(Older post - 2019 I think?)
Earlier this year I had the privilege of being included on a discussion panel about the dangers of artificial intelligence. This is an area I’ve long watched and the panel went off well; I’ve been meaning, since then, to piece together my notes into a coherent blogpost. Nearly six months after the fact oughta be enough, right?
Put short and simple, the primary dangers from artificial intelligence are still us. Human intention, human development, and human deployment represent the larger AI threat profiles for now and will continue to for some time.
1. Humans are still bad at computers
Or as ComradeEvee once put it,
“Roses are red
software is no bueno
when I am god
computers go in the volcano.”
Humans continue to be bad at computering and we’ve only got ourselves to blame.
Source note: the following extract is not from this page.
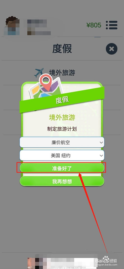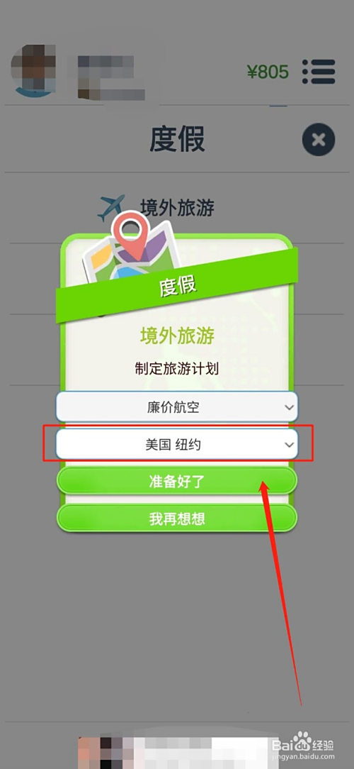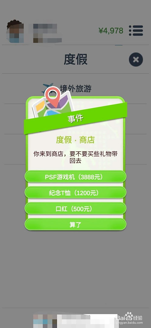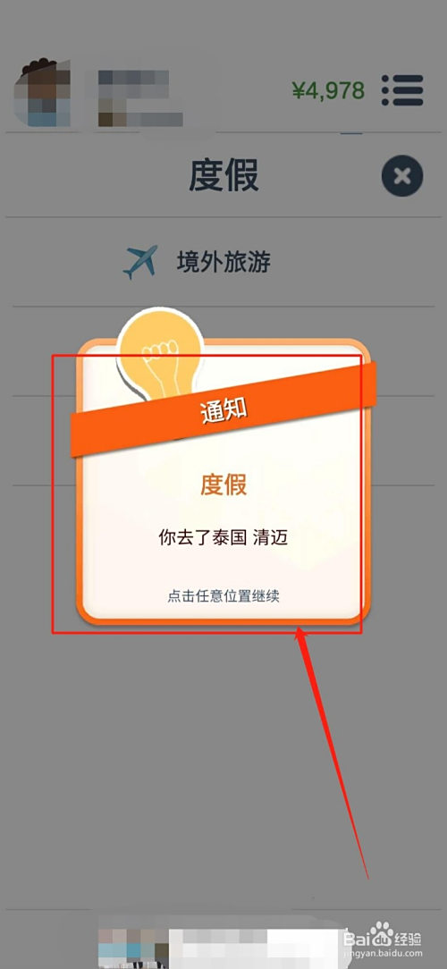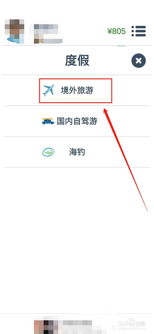 点击“勾当界面”里倒数第二行的“度假”,如图

In “Throwing Rocks at the Google Bus” Douglas Rushkoff likens the digital economy to the “horseless carriage” stage of automobile development, and the “moving pictures” stage of cinema. Rushkoff prefaces the statement by commenting about how the first computer workspaces imitated the physical desktops they sought to replace. I’d suggest Rushkoff got ahead of himself a little – we’re barely out of the horseless carriage stage for computers, no less whole digital economies. In very few cases have digital workspaces changed from a two-dimensional platter dominating your vision. Monitors have gotten larger, operating systems have developed multiple-workspace setups to allow for easier multitasking and task-transitions, but how far has any of it actually advanced from a desk platter and notebook?
The exceptions here tend to be virtual workspaces – of which I’m a fan, as well as a desperate desirer. There are few things I want more than a VR workspace in which I’m surrounded by cubic whiteboards than can be repositioned, spun, stickied, and hyperlinked to each other.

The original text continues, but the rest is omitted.